Although the data below contains pictures, please reproduce only its words, exactly.
**** RECORDED DATA
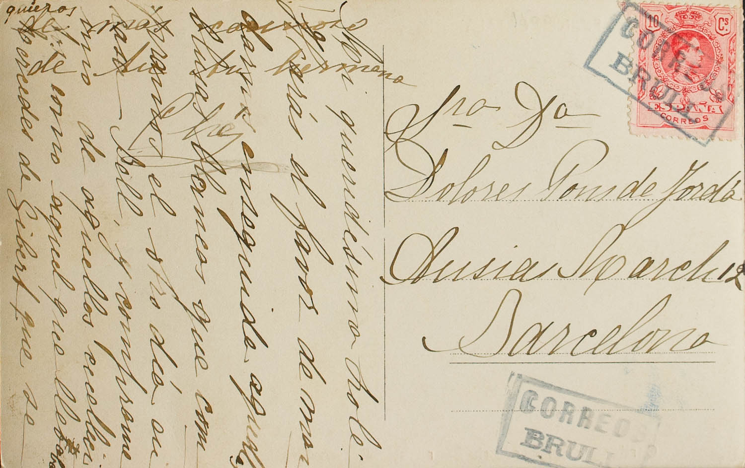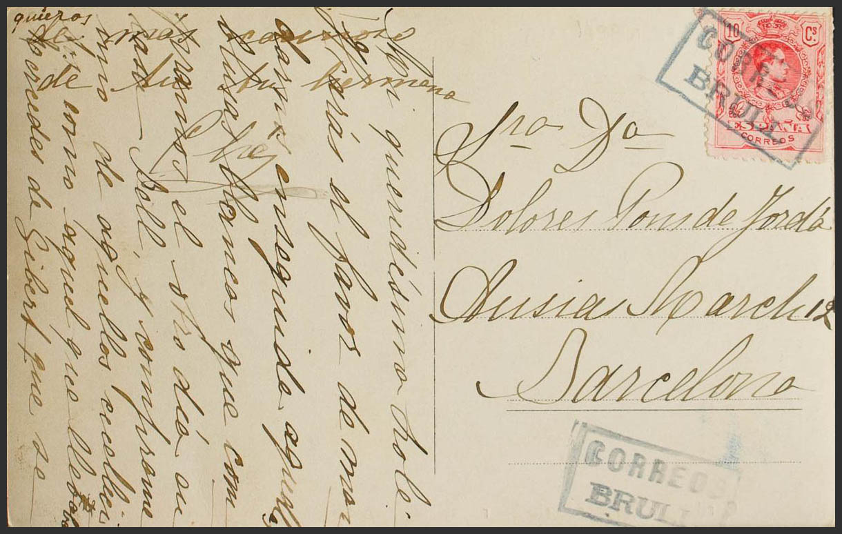 269. (1909ca). 10 cts rojo. Tarjeta Postal de BRULL (BARCELONA) a BARCELONA. Matasello carterÃa especial CORREOS / BRULL. MAGNIFICA Y RARISIMA.
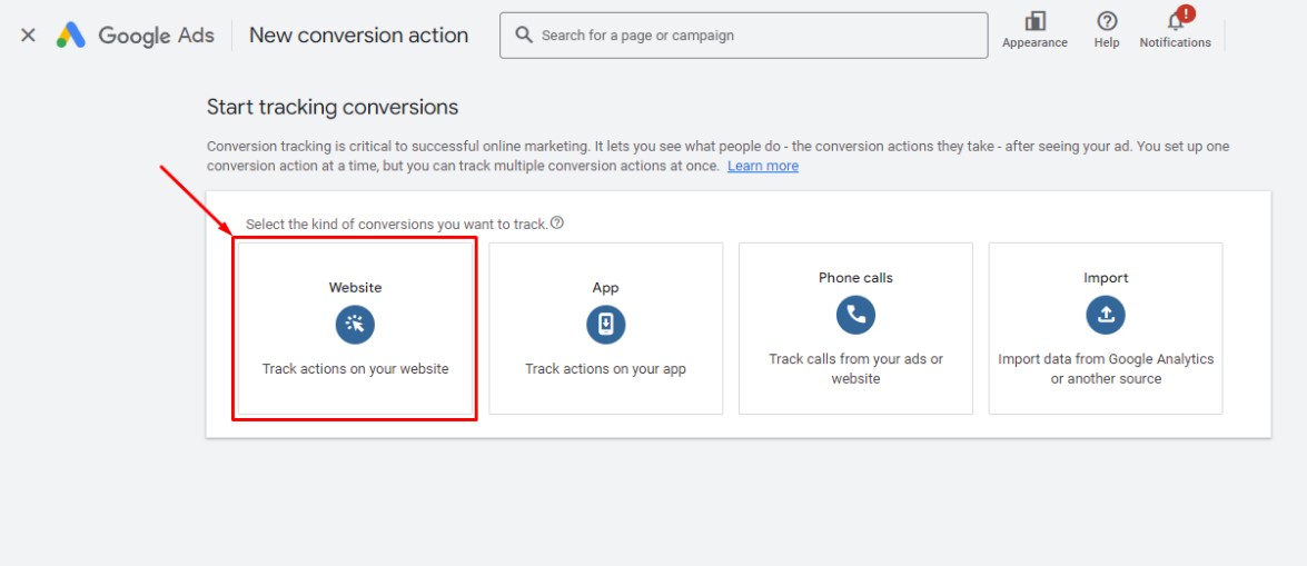 Create a conversion action in Google Ads
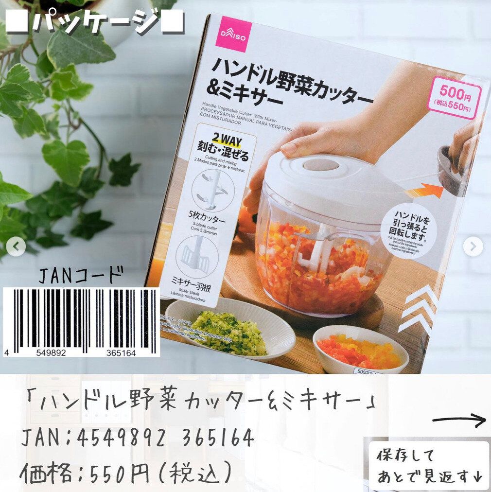 野菜が簡単に刻める野菜カッター、ダイソーの新商品はなんとミキサー機能がついているんです!ドレッシングづくりやメレンゲづくりなど、ちょっとだけミキサーを使いときに便利ですね。洗うパーツは4つでお手入れも簡単!既存品の3枚刃タイプと比べて、5枚刃になって切れ味もアップしています。550円です。
********
• _ANSWER SPACE_
 269. (1909ca). 10 cts rojo. Tarjeta Postal de BRULL (BARCELONA) a BARCELONA. Matasello carterÃa especial CORREOS / BRULL. MAGNIFICA Y RARISIMA.
 Create a conversion action in Google Ads
 野菜が簡単に刻める野菜カッター、ダイソーの新商品はなんとミキサー機能がついているんです!ドレッシングづくりやメレンゲづくりなど、ちょっとだけミキサーを使いときに便利ですね。洗うパーツは4つでお手入れも簡単!既存品の3枚刃タイプと比べて、5枚刃になって切れ味もアップしています。550円です。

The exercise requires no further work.